*** Input material Section Begins ***
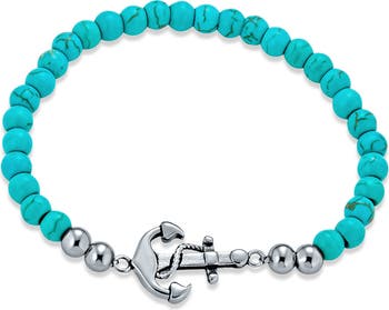 An anchor shines alongside turquoise ball beads on this stretchy statement bracelet that easily slips on and off.
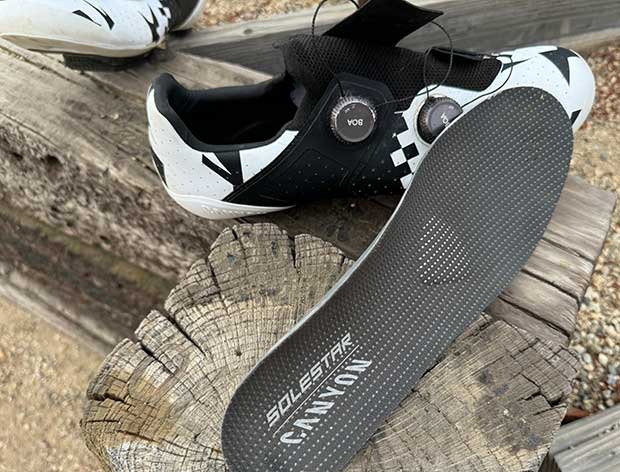 Advertised are “Custom” Solestar® insoles but – in the spirit of “words mean things” – no, they are not custom, as they are not molded to my feet as are my Sidas or Footbalance (actual custom) footbeds. These are production. But they are good footbeds and I have not found the need to replace these with my customs. One last thing about these footbeds. They are structural. I think it's why my feet hurt after that first ride. (But only after the first ride, just as my feet are sore after my first run in a fresh orthotic.)
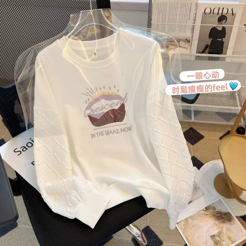 Felpa Bianca Donna Con Stampa Ricamata Maniche Lunghe Casual Chic CF53549
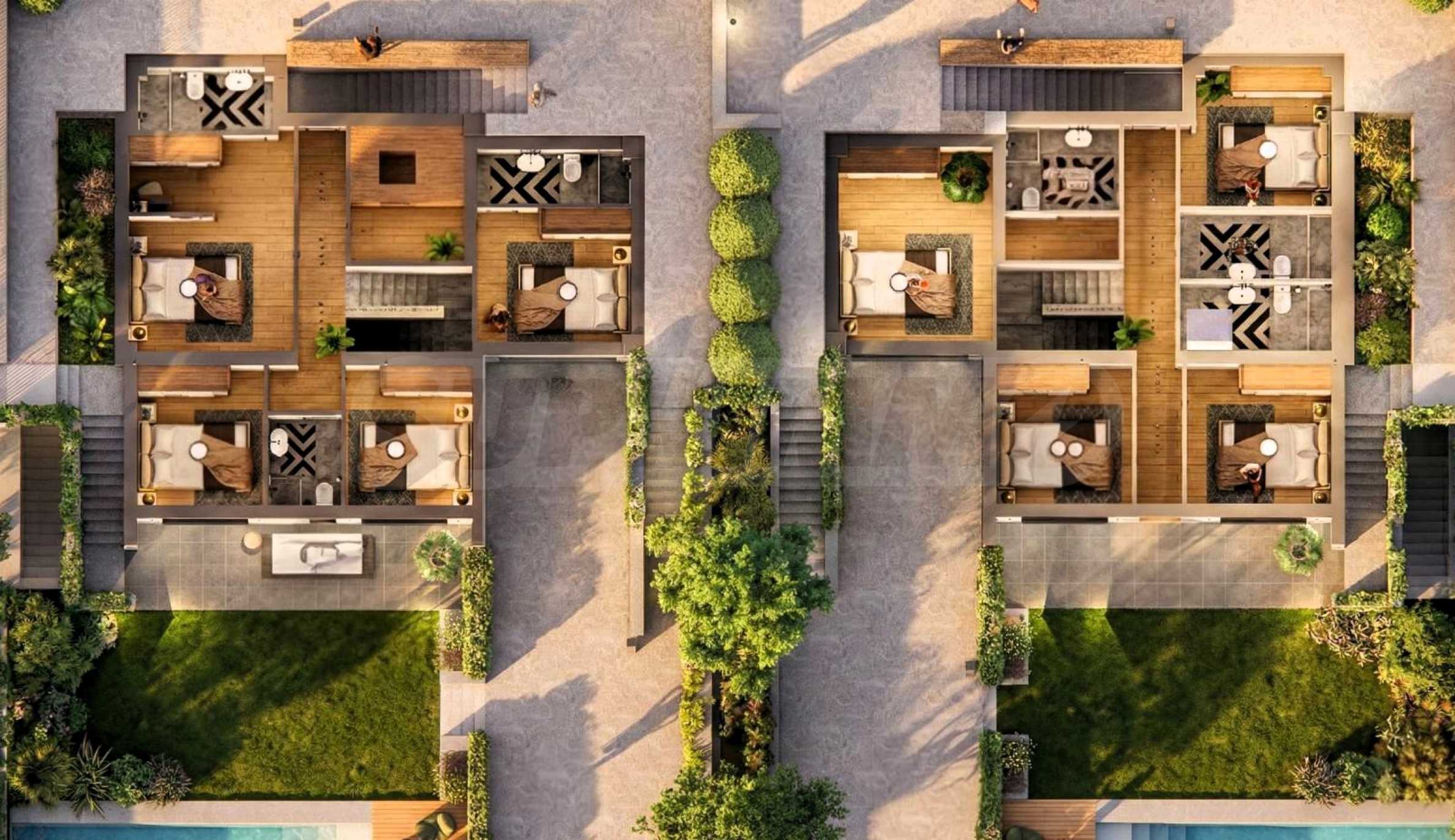 Level 1 (Night Area) : Four comfortable bedrooms and three modern bathrooms, providing maximum privacy and access to the garden.
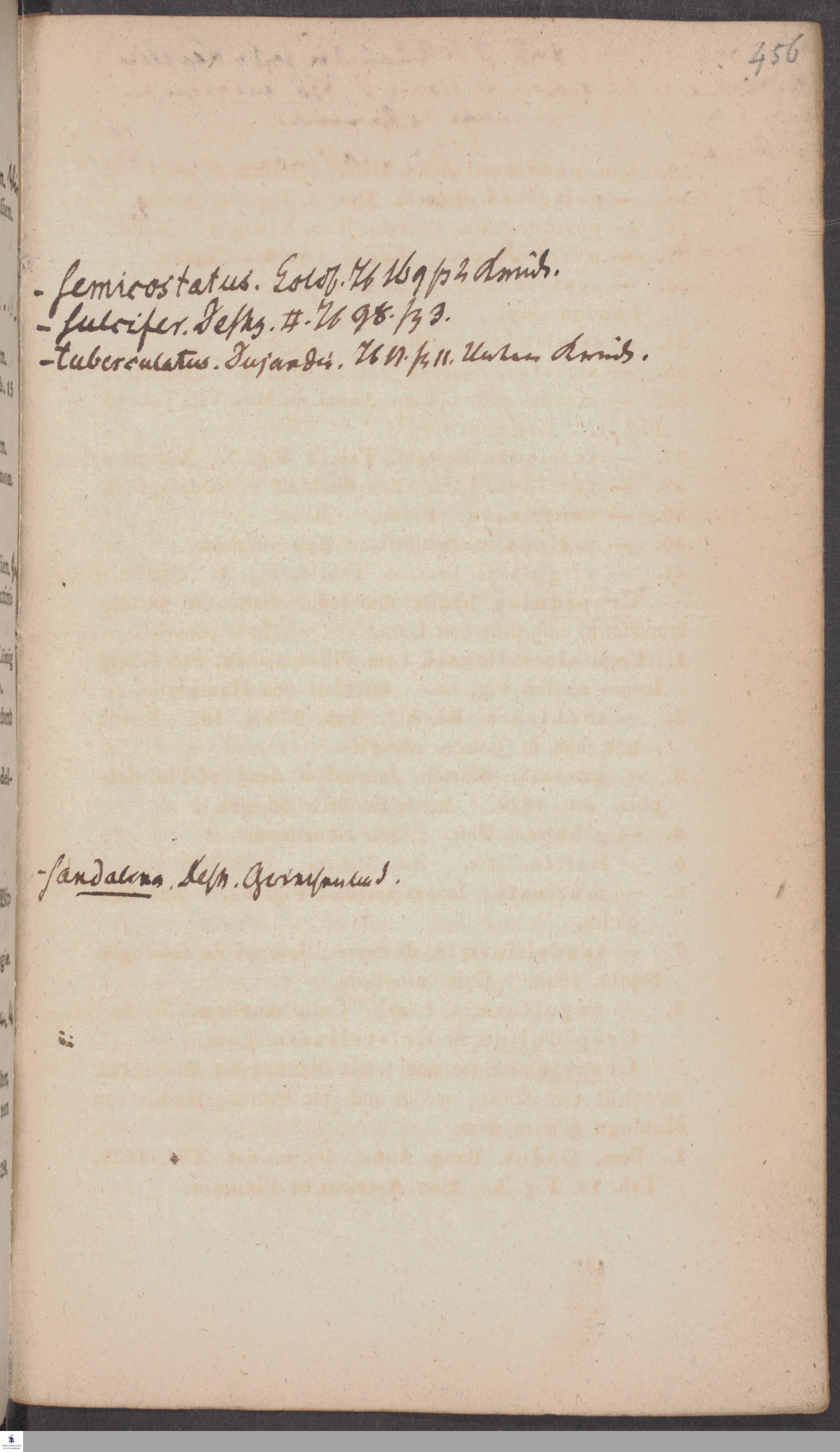 Handschriftliche Anmerkungen und Ergänzungen von Christian Keferstein in einem durchschossenen Exemplar seines Werks "Naturgeschichte des Erdkörpers. Band 2. Zweite Abtheilung. Achter Abschnitt. Die foßilen Mollusken".
*** Input material Section Ends ***
Work request
Repeat exactly the lines from the one containing "Level 1 (Night" to the last line of the data above, both included, and write no pictures into the copy.

Written answer
 Level 1 (Night Area) : Four comfortable bedrooms and three modern bathrooms, providing maximum privacy and access to the garden.
 Handschriftliche Anmerkungen und Ergänzungen von Christian Keferstein in einem durchschossenen Exemplar seines Werks "Naturgeschichte des Erdkörpers. Band 2. Zweite Abtheilung. Achter Abschnitt. Die foßilen Mollusken".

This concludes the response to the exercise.